Jan Engelhardt wrote:
> On Sunday 2009-09-06 02:36, Michal Soltys wrote:
>>But with current xt_u32.c code this is impossible due to subsequent
>>sanity checks:
>>
>>        if (at + val < at)
>>                return false;
>>        at += val;
>>        pos = number;
>>        if (at + 4 < at || skb->len < at + 4 (#3) ||
>>            pos > skb->len - at - 4 (#4) )
>>                return false;
>>
>>        if (skb_copy_bits(skb, at + pos, &n,
>>            sizeof(n)) < 0)
>>
>>In particular, condition (#3) will make the function return false, if
>>'at' is at / near the end of packet, regardless of the 'pos' value used.
>>Furthermore, (#4) would inhibit any "negative" 'pos' value anyway.
>>
>>If I haven't missed anything,
> 
> The code stems from Patrick's comments [to my original u32 submission]
> about overflow checks. It seems you are basically throwing these
> out of the window.
> 
>>        at += val;
> 
> This can overflow. Or if @val is signed, it may even underflow, and
> surely give funny results when @at is unsigned at the same time.
> Then there is also the question on what should happen when you
> deal with values that are - in their respective context as
> defined in an RFC or something - uint32_ts. Though probably a little
> unlikely in the real world at this time, I would not count on
> never hitting a jumbo frame size field of, say, 2147483656 bytes.
> 
>>        if (at + number + 4 < 4 || skb->len < at + number + 4)
> 
> at+number can overflow, so can at+number+4.
> The check is insufficient too, because let at+number+4 may yield,
> through overflows, a value that is still greater than 4.
> 

The first check is against "left side" and it should be greater 
than 4 for the function to not return false immediately. If it's too great 
it will be caught by the second test.


More detailed rationale:

I know this and previous (as you commented) can overflow, but we're 
checking the final result here. Regardless of the value of at, val and pos 
during computations (or how we interpret them) - the final check is done 
using unsigned values and tested against "where would skb_copy_bits end".

The first check makes sure the read starts at least from 0 (that's why 
at + number + 4 must be bigger or equal 4 for it to pass). And it's 
written this way so it works properly with all the variables being 
unsigned (of course I couldn't do: at + number < 0 as that would never be 
true with unsigned vars).

The second check makes sure skb_copy_bits doesn't try to read past skb. 
For example:

at  = 0x11       (17)
val = 0xfffffffb (user interp. as -5)
pos = 0xfffffff6 (user interp. as -10)
skb->len = 21

at + val + pos + 4 = 2

The tests here: 6 < 4 and 21 < 6 - so all is fine (all tests are false)

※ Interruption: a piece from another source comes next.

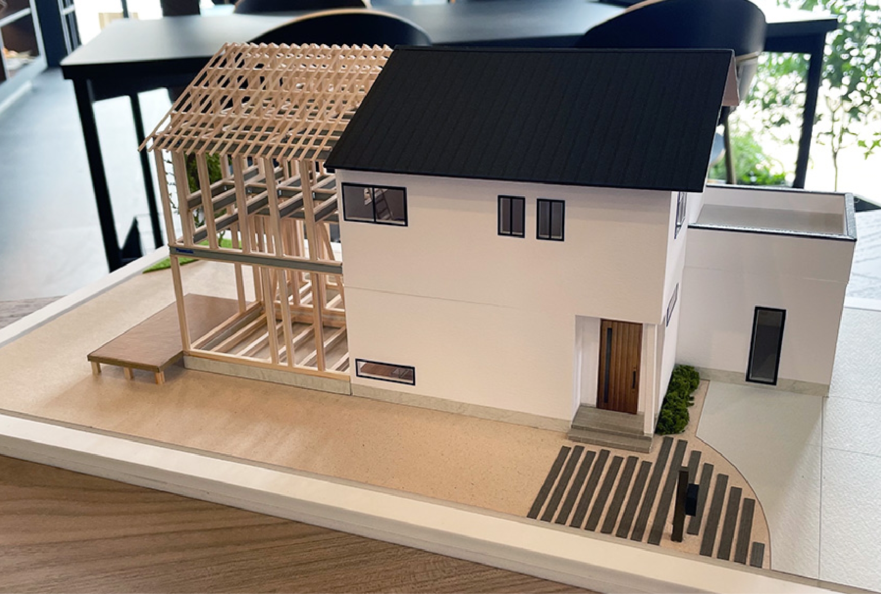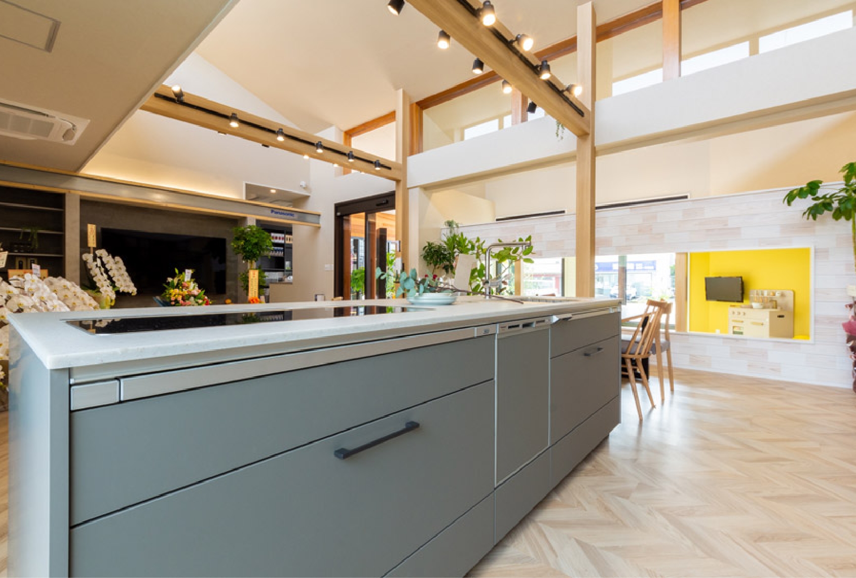 リアルサイズのキッチンやリビング・書斎コーナーの展示場でお家づくりのイメージが湧きやすい。

But with val -8 and pos -10 we would get: 3 < 4 and 21 < 3 (return on first).
    with val -20 and pos -20 we would get: 0xffffffed < 4 and 21 < 0xffffffed (return on second).

and so on...

All values in xt_ut32.c are defined as strictly unsigned and 32 bits wide. All values 
supplied on the command line or read from packet's data will be treated as such, but 
can be interpreted any way - add and sub instructions don't really care for that, operation 
and data is the same (that's where my qeustion about non-x86 archs came from).

17 + 0xffffffff (-1) is 16
0xfffffff0 + 0xffffffff (-1) is 0xffffffef

... well, you see my point. Iptables will take signed values w/o any problems, but will 
output them (-L) as unsigned.

I've been running u32 patched this way, and tested with clearly wrong rules such as:

'0 << 25 @ -30000 & 0xFF = 0:0xFF'
'0 & 0 @ -30000 & 0xFF = 0:0xFF'
'0 & 0 @ 30000 & 0xFF = 0:0xFF'

and as expected, never ran into any problems.